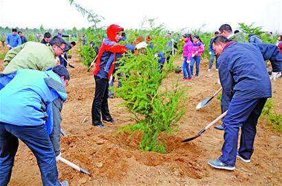 昨天是我国第36个植树节,我市共有45.63万人参加了当天的义务植树劳动,拉开了全年造林生产的序幕。图为红岛经济区组织近千人赴河套万亩生态间隔林场参加义务植树活动。
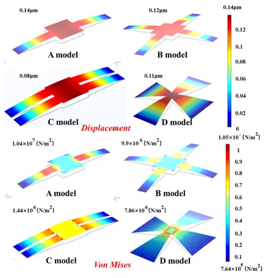 When the TLGE induced the electrostatic Van der Waals force for 1 µs, the A model produces the maximum von mises and motion displacement (10.4 MPa, 0.14 μm), the C model produces the minimum von mises and motion displacement (1.44 MPa, 0.08 μm), in which the maximum von mises is less than the graphene fracture strength, and the minimum displacement is greater than 4 nm. It can be seen that the four TLGE models of the insurance actuator can satisfy the transformation from the “absorption” to “isolation” states under steady-state conditions. The relationships among the “absorption” time, the electrode model, and the displacement are analyzed, with the results illustrated in Figure 5.
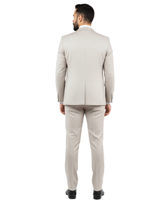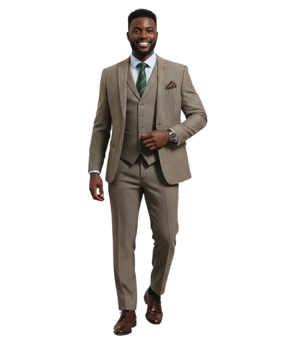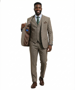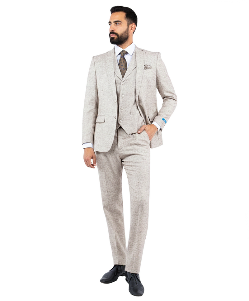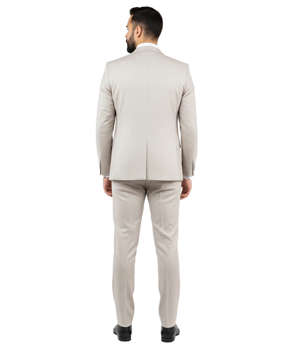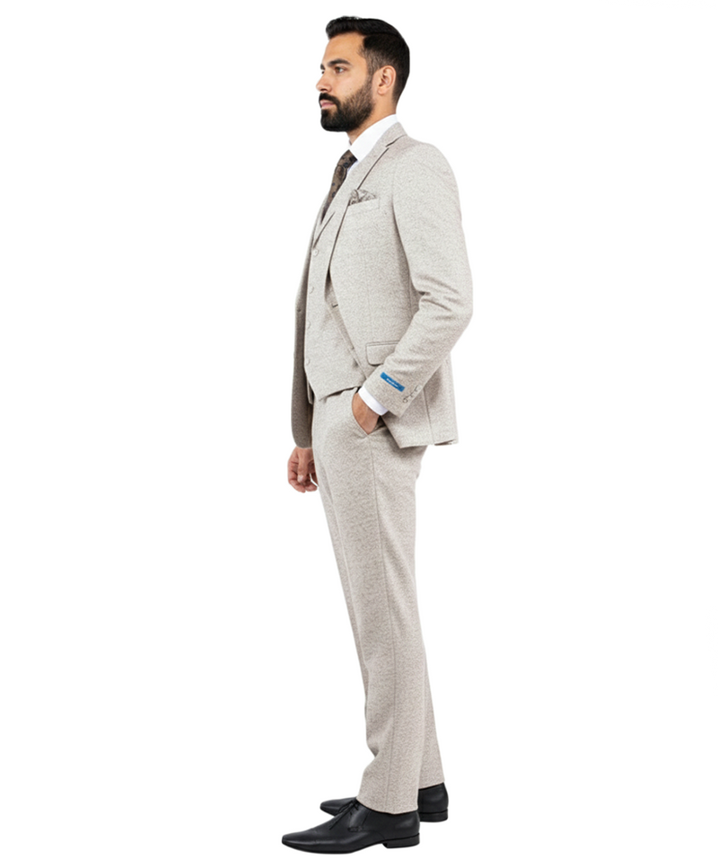 Elevate your formal wardrobe with this sophisticated 3-piece slim-fit suit, designed for the modern gentleman who values both style and substance. Featuring a unique, high-quality textured fabric reminiscent of classic tweed, this ensemble offers a refreshing alternative to standard flat-color suits. The soft, light beige/sand palette makes it an ideal choice for outdoor weddings, spring galas, or professional business settings. Precisely tailored to provide a sharp, streamlined silhouette, this set includes a structured blazer, a matching five-button waistcoat, and tapered trousers, ensuring you look impeccably polished from every angle.
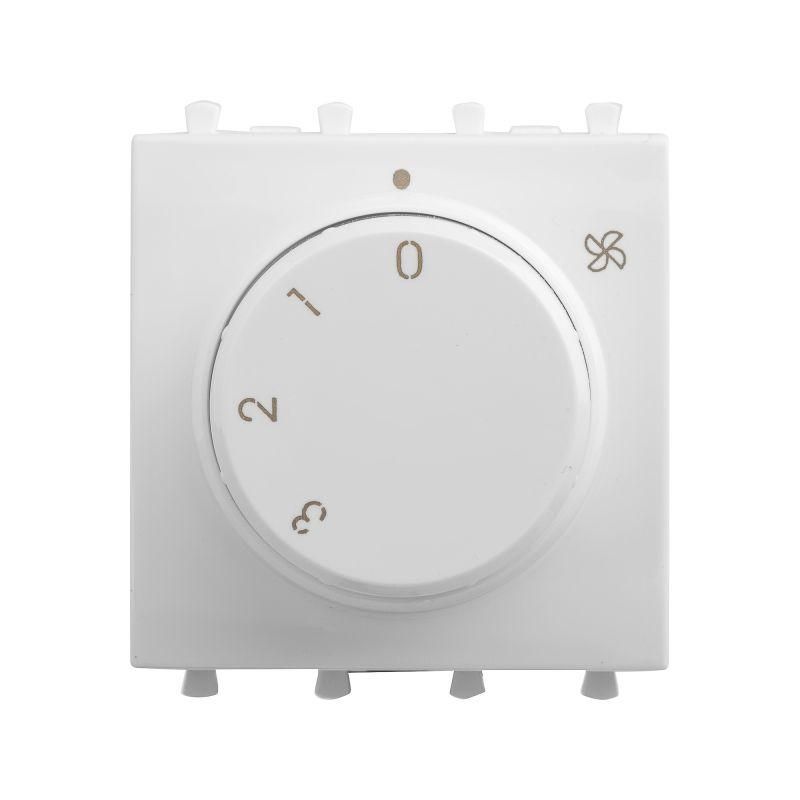 Механизм управления вентиляторами от ДКС встраивается в настенный кабель-канал и используется для изменения скорости вращения лопастей вентилятора. Конструкция предусматривает переключение по трем возможным скоростям и режим покоя. Изменение скорости производится поворотом колесика-регулятора. Номинальное напряжение ЭУИ – 230 В. Изделие имеет цвет "Белое облако", оттенок с универсальной сочетаемостью, который подойдет к любому цветовому решению и стилю оформления интерьера.

* _WORK INSTRUCTION_: Begin at the first line of the material and copy each line exactly through the one containing "When the TLGE". Omit pictures.

* _OUTPUT BELOW_:
 昨天是我国第36个植树节,我市共有45.63万人参加了当天的义务植树劳动,拉开了全年造林生产的序幕。图为红岛经济区组织近千人赴河套万亩生态间隔林场参加义务植树活动。
 When the TLGE induced the electrostatic Van der Waals force for 1 µs, the A model produces the maximum von mises and motion displacement (10.4 MPa, 0.14 μm), the C model produces the minimum von mises and motion displacement (1.44 MPa, 0.08 μm), in which the maximum von mises is less than the graphene fracture strength, and the minimum displacement is greater than 4 nm. It can be seen that the four TLGE models of the insurance actuator can satisfy the transformation from the “absorption” to “isolation” states under steady-state conditions. The relationships among the “absorption” time, the electrode model, and the displacement are analyzed, with the results illustrated in Figure 5.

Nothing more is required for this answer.